I really love pasta dishes. I love them because I love pasta, I love them because they are comforting and most of all I love them because if you have a box of dried pasta and some meat or veggies, in this case fettuccine, broccoli and Italian sausage, you’ve got yourself a meal. A meal that can usually be put together in about a half an hour. Which for me, at this point in my pregnancy has become more important than I ever thought.

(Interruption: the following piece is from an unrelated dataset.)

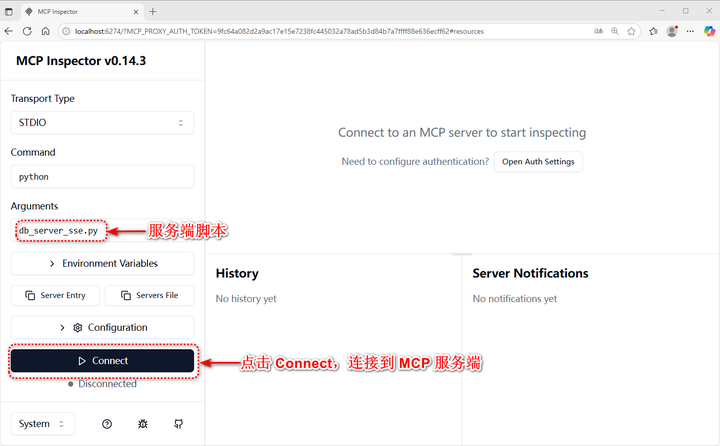 打开 mcp inspector 的页面,点击左侧的 connect 按钮,连接到 mcp 服务端:

I am currently 9 months pregnant. Yet I have about 4 more weeks to go. I feel like I’ve been lied to my whole life. Word to the wise you are actually pregnant for 10 months. Not that I am complaining, I’m just starting to get really uncomfortable. I have even noticed that these past few weeks I’m having trouble standing long enough to do any experimenting in the kitchen. As a result I have gravitated towards dishes like this pasta that are easy to make, sure to be crowd pleasers, limit the amount of time that I am standing and satisfy my pregnancy craving for anything creamy.

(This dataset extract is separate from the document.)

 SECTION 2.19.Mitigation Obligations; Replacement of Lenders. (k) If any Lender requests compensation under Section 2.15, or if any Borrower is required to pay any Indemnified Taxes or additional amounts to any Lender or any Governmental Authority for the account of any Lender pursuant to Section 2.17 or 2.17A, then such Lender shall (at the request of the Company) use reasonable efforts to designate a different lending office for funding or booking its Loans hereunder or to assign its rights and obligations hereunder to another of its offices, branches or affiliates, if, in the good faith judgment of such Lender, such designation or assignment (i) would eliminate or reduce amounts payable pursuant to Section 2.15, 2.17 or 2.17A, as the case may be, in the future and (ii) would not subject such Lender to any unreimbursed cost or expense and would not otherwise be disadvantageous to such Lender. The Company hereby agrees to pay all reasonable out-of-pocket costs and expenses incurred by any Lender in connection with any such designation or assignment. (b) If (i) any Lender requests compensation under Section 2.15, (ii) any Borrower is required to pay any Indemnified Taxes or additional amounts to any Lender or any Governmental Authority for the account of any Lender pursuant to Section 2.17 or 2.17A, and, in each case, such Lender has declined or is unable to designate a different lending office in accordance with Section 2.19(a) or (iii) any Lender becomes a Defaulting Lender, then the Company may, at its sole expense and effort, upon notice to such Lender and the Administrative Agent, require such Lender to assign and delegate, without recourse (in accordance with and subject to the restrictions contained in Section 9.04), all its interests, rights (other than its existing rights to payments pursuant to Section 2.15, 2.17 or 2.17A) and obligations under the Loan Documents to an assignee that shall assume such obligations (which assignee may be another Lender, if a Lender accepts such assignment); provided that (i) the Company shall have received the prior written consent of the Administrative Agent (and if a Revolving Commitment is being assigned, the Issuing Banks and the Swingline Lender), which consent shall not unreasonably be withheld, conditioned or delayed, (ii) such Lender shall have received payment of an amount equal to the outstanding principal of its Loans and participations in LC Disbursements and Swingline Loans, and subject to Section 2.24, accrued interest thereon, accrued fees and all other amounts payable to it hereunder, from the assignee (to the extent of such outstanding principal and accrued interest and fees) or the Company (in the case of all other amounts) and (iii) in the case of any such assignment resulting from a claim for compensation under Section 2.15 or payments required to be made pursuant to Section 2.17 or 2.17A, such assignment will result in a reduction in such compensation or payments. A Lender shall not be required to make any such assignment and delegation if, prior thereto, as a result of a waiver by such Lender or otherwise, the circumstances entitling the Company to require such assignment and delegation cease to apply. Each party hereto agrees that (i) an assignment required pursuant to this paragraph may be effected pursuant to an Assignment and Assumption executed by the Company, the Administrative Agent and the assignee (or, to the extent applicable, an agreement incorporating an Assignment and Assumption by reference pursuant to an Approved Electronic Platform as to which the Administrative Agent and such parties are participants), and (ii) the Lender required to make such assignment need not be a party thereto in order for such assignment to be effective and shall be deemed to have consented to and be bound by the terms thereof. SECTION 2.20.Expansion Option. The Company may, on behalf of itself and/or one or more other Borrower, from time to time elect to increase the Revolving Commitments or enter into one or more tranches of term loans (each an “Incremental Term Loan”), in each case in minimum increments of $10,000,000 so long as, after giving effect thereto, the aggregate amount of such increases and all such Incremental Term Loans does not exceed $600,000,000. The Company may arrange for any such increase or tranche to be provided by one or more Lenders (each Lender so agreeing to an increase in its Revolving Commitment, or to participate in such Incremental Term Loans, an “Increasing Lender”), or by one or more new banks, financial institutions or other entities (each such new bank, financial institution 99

Creamy Broccoli and Sausage FettuccinePrint Recipe
- 1 tablespoon olive oil
- 1 pound Italian sausage links
- 1 pound dried fettuccine
- 2 crowns broccoli, chopped into florets
- 4 cloves garlic, minced
- 3 tablespoons butter
- 2 ounces cream cheese
- 1 cup heavy cream
- 1 cup shredded Parmesan cheese
Heat olive oil in a large skillet over medium-high heat, cook sausage until cooked through. Slice and set aside.
While you are cooking the sausage, bring a large pot of water to a boil and cook pasta according to package directions. During the last 3 minutes of cooking, add the broccoli florets to the water. Cook until they are bright green and have softened. Drain.
Melt the butter in the pan, stir in the garlic, cook for 30 seconds. Return the sausage, pasta and broccoli to the pan. Add in cream cheese and heavy cream. Stir continuously until cream cheese melts. Stir in shredded Parmesan cheese. Toss until combined. Turn off heat and let pasta set for 5 minutes while sauce thickens. Toss once more. Serve hot.